Oxytocin increases contractility of myoepithelial cells in mammary glands. Also stimulates uterine muscle. Myoepithelial cells surround alveoli containing milk. Oxytocin comes from blood and stimulates cells to contract to force milk out to capillaries and ducts. Epithelial cells make milk. Myoepithelial cells move it.
PVN and SON of hypothalamus send action potentials down for milk ejection or letdown. Also effects utierine smooth muscle.
ADH increases contractility of arterial smooth muscle (pressor effect to increase blood pressure).
ADH also effects kidneys to increase water reabsorption in collecting duct and distal tubule. Antidiuretic action.
E. control of secretion
ADH 2 main stimuli- decreased plasma volume or increased plasma osmolarity. osmolarity receptors in hypothalamus.
See fig 4 on extra sheet.. X on bottle- not enough water. Without water, water concentration decreases. Osmolarity increases.ADH increases. ADH increases water permeability and increases water reabsorption in kidney. Decreases water excretion.
Fig 5 more water in –see arrows.
Fig 6- baroreceptor mediate pathway.
Note sensible relations of stimuli to cause increase or decrease in secretion. intermediate lobe- not discussing.
Anterior pituitary gland
see sheet.
Most are tropic hormones- cause growth. Somatotropin causes body to grow. TSH increases size of thyroid. LH and FSH male and female gonads.
ACTH is peptide.
POMC is synthesized as a larger molecule and cut down. ACTH activity- cut from C to N terminal end and measure activity- only need 20 of 39 amino acids.N terminal region is biological activity. C terminal end is where immunologic activity is (antibodies will be toward C end). If abnormality is at the N end, immunoassay will say the protein is normal.
alpha MSH structure is within ACTH- melanocyte stimulating hormone in 1st 13 AAs ACTH. Take frog, put in aquarium with a little water, bright room- frog skin is light. inject with ACTH- turns dark. Just like if frog goes from sand to leafy background. In nature the change happens via MSH. Possible human applications. Humans with high ACTH have complexion changes.
Cell types producing ACTH can be determined by staining. It varies. May be acidophilic 50% (GH. PRL from somatotrophs, lactotrophs), basophilic 20-25% (TSH, LH, FSH- thyrotrophs, gonadotrophs) chromophobes(10-15%- corticotrophs).
Histology:
see paper.
hCG produced during the 1st trimester of pregnancy. human chorionic gonadotropin.

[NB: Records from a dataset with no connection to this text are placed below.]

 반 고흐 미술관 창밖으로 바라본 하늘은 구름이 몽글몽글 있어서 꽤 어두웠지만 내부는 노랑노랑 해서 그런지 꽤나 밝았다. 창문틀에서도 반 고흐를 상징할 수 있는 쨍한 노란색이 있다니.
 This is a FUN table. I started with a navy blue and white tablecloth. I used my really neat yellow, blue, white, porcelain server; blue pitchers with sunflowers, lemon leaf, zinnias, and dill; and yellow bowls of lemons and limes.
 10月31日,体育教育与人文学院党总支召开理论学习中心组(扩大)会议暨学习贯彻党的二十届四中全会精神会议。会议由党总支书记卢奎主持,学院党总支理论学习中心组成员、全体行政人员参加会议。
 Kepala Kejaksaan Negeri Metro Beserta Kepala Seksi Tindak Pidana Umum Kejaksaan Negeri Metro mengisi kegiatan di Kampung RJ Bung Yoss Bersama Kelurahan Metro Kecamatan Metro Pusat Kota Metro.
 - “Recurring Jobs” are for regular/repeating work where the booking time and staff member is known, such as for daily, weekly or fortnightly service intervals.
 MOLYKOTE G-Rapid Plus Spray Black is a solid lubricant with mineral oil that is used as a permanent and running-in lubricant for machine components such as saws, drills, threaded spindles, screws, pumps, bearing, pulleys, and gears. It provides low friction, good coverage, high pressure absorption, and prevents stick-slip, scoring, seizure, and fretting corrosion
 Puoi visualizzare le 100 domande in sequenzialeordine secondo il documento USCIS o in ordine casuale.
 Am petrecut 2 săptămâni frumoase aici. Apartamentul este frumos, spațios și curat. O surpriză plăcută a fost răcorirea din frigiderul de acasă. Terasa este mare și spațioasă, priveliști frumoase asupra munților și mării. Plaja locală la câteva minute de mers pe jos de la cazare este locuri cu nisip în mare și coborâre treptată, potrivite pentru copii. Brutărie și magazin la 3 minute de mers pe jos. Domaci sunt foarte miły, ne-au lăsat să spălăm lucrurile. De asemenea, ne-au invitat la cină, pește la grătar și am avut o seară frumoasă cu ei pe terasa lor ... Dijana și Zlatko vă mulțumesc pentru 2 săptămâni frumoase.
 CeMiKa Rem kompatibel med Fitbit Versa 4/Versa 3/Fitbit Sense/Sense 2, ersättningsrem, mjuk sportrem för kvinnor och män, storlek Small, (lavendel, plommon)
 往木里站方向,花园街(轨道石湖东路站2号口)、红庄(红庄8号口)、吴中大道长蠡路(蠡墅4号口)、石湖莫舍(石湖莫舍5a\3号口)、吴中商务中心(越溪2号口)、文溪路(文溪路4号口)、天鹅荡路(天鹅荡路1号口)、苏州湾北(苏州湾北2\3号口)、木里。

Tests need to measure beta subunit.
EPT tests do this for B subunit hCG.
Actions and secretion- see chart.
See fig 7 and fig 8.
ACTH provokes actions of cortisol.
Remove adrenals- no cortisol. Treat with cortisone- adrenal glands decrease in size. Glands do not synthesize as much cortisol due to atrophy- later, when it is needed. it can’t be made. To get around this problem, you taper the dosage or give ACTH. Drawback to a protein like ACTH-must be given by injection.
Lots of notes were taken on paper by drawing up and down arrows on charts. You need to get those from someone who was there.